Yes, I think her biggest problem stems from coming from the Office of Women's Health. It is not a department which handles any medical disorders or medical research, outside of CFS. Generally speaking, they are involved in managing social research to see how women and/or minorities, etc, are impacted differently in the health system. As such, it seems to be entirely staffed by people who aren't very clear on what science, medicine, or biomedical research actually are.

We need to get our disease out of their department. And hopefully Nancy Lee and the rest of them will stay in Women's Health and not try to follow us wherever we end up. They cannot be allowed to continue to house and treat CFS as a social issue.
 

A.B.

Senior Member
Messages
3,780
Yes, I think her biggest problem stems from coming from the Office of Women's Health. It is not a department which handles any medical disorders or medical research, outside of CFS. Generally speaking, they are involved in managing social research to see how women and/or minorities, etc, are impacted differently in the health system.

What a bad situation. How did it even end up in that department? This was never considered a woman's disease.
 

caledonia

Senior Member
What a bad situation. How did it even end up in that department? This was never considered a woman's disease.
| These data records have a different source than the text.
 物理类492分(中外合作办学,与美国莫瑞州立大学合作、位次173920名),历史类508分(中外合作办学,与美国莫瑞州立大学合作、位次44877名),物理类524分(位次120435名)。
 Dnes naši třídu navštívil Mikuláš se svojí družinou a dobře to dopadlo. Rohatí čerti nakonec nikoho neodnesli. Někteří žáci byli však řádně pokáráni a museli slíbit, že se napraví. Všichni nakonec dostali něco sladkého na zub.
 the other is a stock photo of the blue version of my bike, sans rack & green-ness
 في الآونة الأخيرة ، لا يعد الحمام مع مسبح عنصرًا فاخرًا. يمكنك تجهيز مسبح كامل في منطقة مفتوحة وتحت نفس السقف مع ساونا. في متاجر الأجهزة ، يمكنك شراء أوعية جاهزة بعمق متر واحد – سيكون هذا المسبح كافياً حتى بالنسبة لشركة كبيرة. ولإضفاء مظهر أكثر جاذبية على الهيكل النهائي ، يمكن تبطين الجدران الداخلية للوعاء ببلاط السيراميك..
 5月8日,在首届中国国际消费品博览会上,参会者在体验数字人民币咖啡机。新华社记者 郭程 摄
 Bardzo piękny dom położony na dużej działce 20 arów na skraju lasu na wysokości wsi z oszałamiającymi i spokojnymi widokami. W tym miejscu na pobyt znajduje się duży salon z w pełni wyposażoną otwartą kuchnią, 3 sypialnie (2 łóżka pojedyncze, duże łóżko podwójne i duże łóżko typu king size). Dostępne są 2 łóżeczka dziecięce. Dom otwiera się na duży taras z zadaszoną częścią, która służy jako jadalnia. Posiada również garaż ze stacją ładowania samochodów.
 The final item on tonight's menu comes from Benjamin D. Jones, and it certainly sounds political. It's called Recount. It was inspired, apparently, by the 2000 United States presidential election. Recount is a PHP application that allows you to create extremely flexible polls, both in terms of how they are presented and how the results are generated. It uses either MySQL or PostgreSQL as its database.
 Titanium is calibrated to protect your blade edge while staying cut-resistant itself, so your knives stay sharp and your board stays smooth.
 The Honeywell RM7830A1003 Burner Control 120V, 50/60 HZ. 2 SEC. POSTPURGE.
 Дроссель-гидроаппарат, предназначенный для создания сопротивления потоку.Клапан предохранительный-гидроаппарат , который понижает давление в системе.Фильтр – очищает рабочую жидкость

From Mary Dimmock's book Thirty Years of Disdain - How HHS Buried ME (linked at http://www.meadvocacy.org/resources about halfway down the page)
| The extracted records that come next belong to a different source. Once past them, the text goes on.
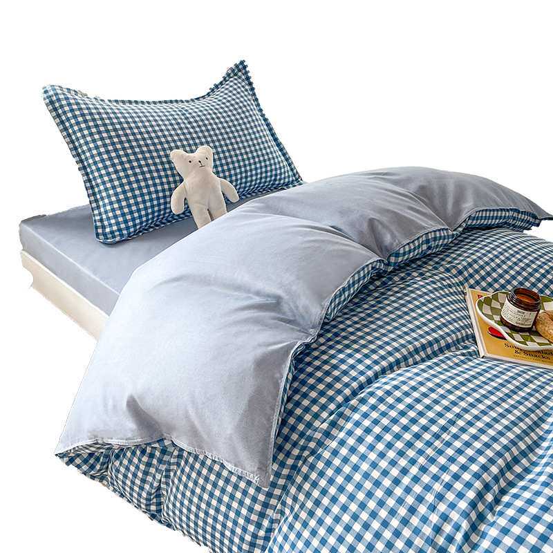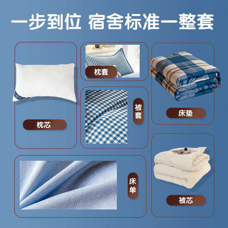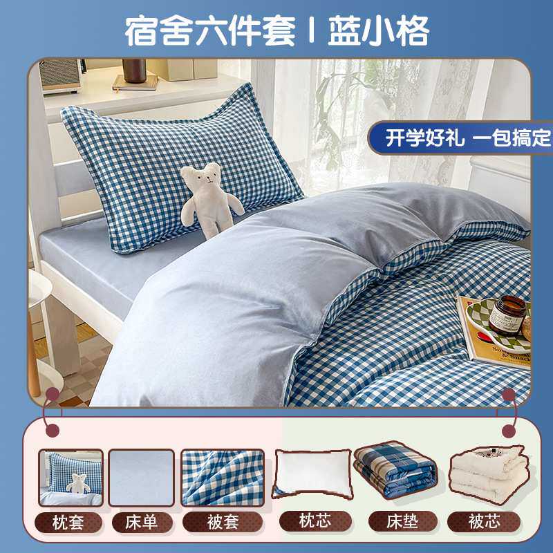 冬季宿舍六件套被子套装单人寝室床品全套一整套蓝小格学生上下铺
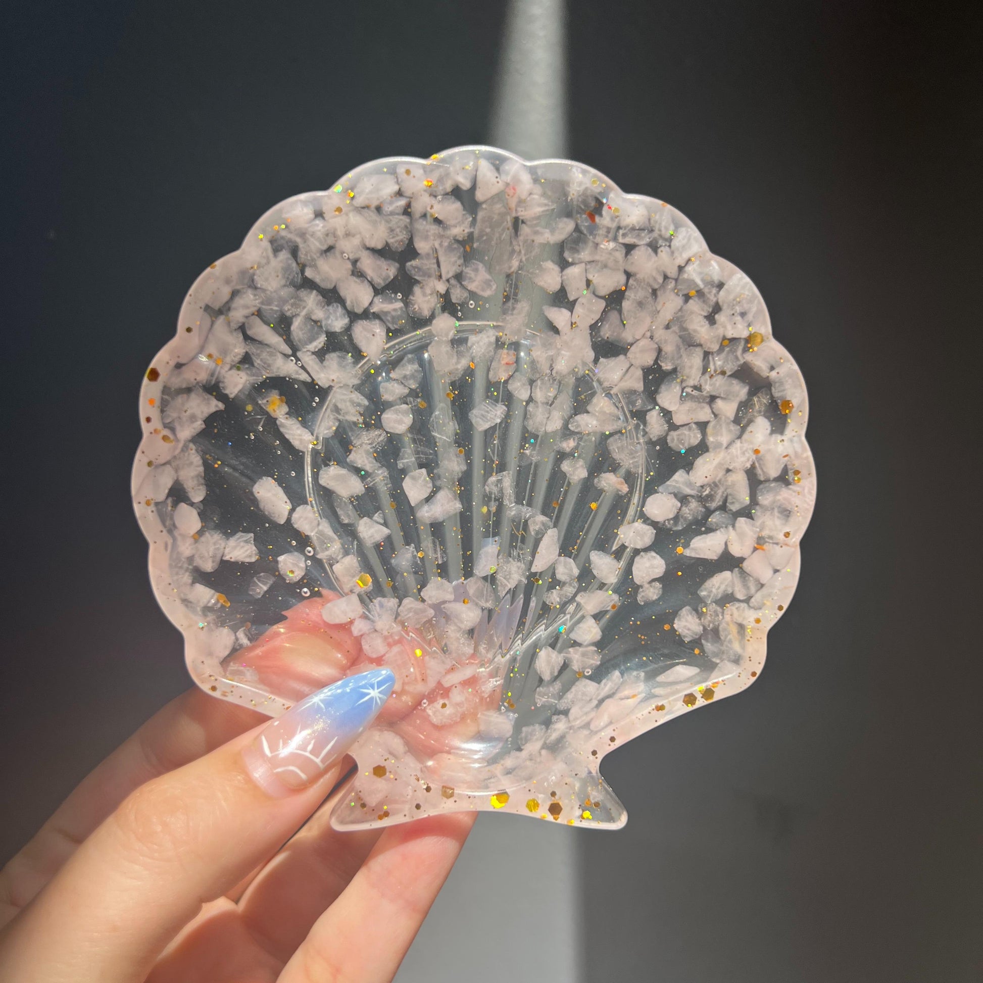 Explore the Crystal Seashell Resin Bowl – a unique blend of natural elegance and artistic design. This bowl is shaped like a seashell and cast in durable resin, featuring a selection of hand-placed crystal pieces. Compact in size at 3x4 inches, it's perfect for adding a touch of charm to any room. Choose from a variety of crystals like Rose Quartz, Black Obsidian, and more to personalize your bowl. Ideal for storing small items or as a standalone decorative piece, this bowl is a wonderful way to incorporate the beauty of nature into your home.
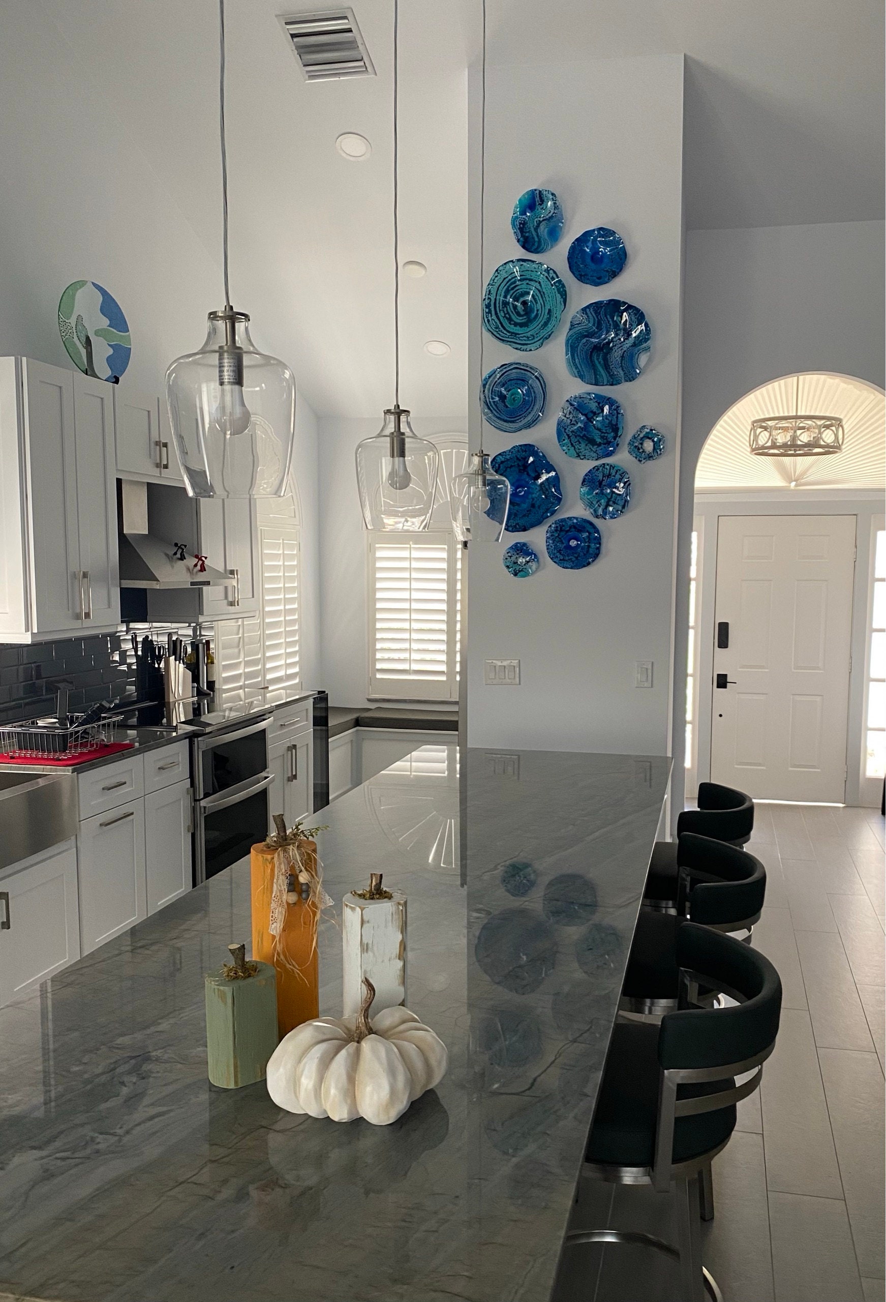 From the wall, they look like glass. The bonuses are that these flowers are light, unbreakable, environmentally friendly, easy to hang, and have no damage to the wall due to drilling for would-be-heavy traditional glass flowers.
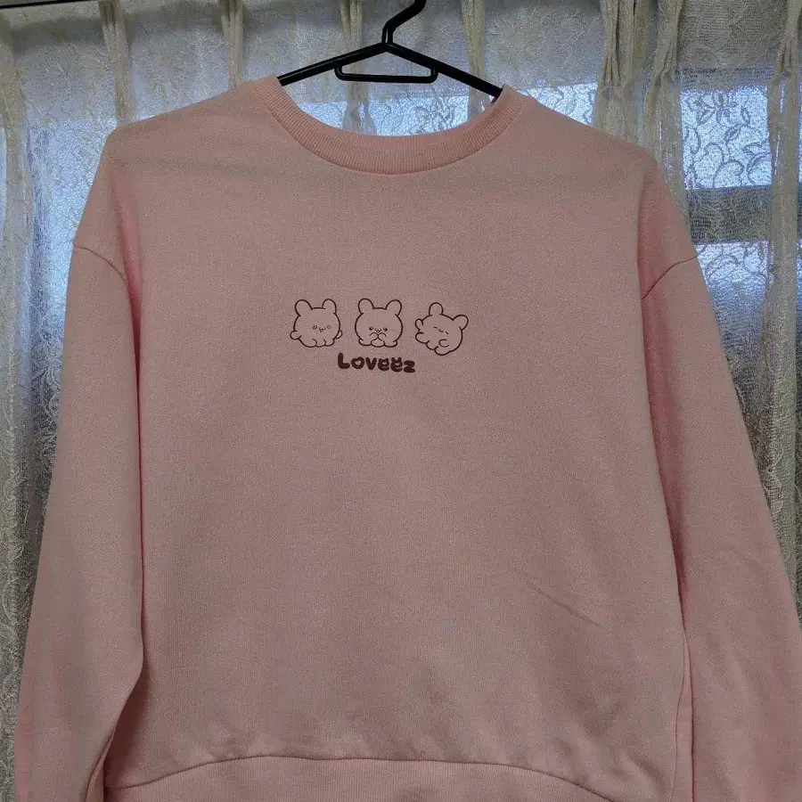 LOVEZZ 곰 자수 핑크 맨투맨
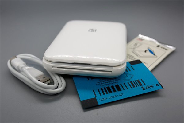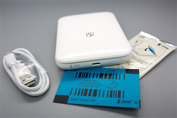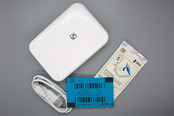 在配件方面,包含:主机、三份打印纸、一条Type-C充电线和使用说明书。特别注意的是打印纸为专门用来打印彩色的采用了Zink(“Zero Ink”的缩写)技术的相纸,使得照片打印尺寸可以做得很小,其不使用墨水和墨粉的特性,避免了弄脏衣物和随身物品。

CFS was originally in NIAID due to its association with Epstein Barr Virus.

CFS was originally located in the National Institute of Allergy and Infectious Diseases (NIAID), but then was moved to NIH’s Office of the Director in 1999, and then to the Office of Research on Women’s Health (ORWH) in 2001. The stated reason for these moves was to help foster collaboration across institutes and also across agencies.

A Trans-NIH Working group lead by the Office of Women's Health was supposed to assist with that.
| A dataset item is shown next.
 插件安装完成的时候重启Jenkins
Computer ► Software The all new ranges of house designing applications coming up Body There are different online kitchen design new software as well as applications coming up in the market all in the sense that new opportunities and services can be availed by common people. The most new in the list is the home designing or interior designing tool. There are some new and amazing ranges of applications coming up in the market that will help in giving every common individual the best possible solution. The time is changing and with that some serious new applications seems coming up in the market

More details on page 37 and 107. Everything is referenced if you want to explore further.
 

WillowJ

คภภเє ɠรค๓թєl
Messages
4,940
Location
WA, USA
It is not a department which handles any medical disorders or medical research, outside of CFS.
Also, they seem to not every have any money, so if you suggest sum that is bigger than before even though it is a very small fraction of a realistic amount of per-year funding for the disease, they panic, like they have never heard of that amount being spent on anything before, and say it's not possible.

Of course it's possible. Other diseases do it all the time. There is no rational reason why we shouldn't have the same access other diseases have.
 

Scarecrow

Revolting Peasant
Messages
1,904
Location
Scotland
Yes, I think her biggest problem stems from coming from the Office of Women's Health. It is not a department which handles any medical disorders or medical research, outside of CFS. Generally speaking, they are involved in managing social research to see how women and/or minorities, etc, are impacted differently in the health system. As such, it seems to be entirely staffed by people who aren't very clear on what science, medicine, or biomedical research actually are.
Also, they seem to not every have any money, so if you suggest sum that is bigger than before even though it is a very small fraction of a realistic amount of per-year funding for the disease, they panic, like they have never heard of that amount being spent on anything before, and say it's not possible.
A question from an ignorant UKer:

Did the misappropriation of funds meant for ME/CFS research happen after the move to Women's Health? If so, and this can only be speculated about, do you think it would have happened if ME/CFS had a proper home?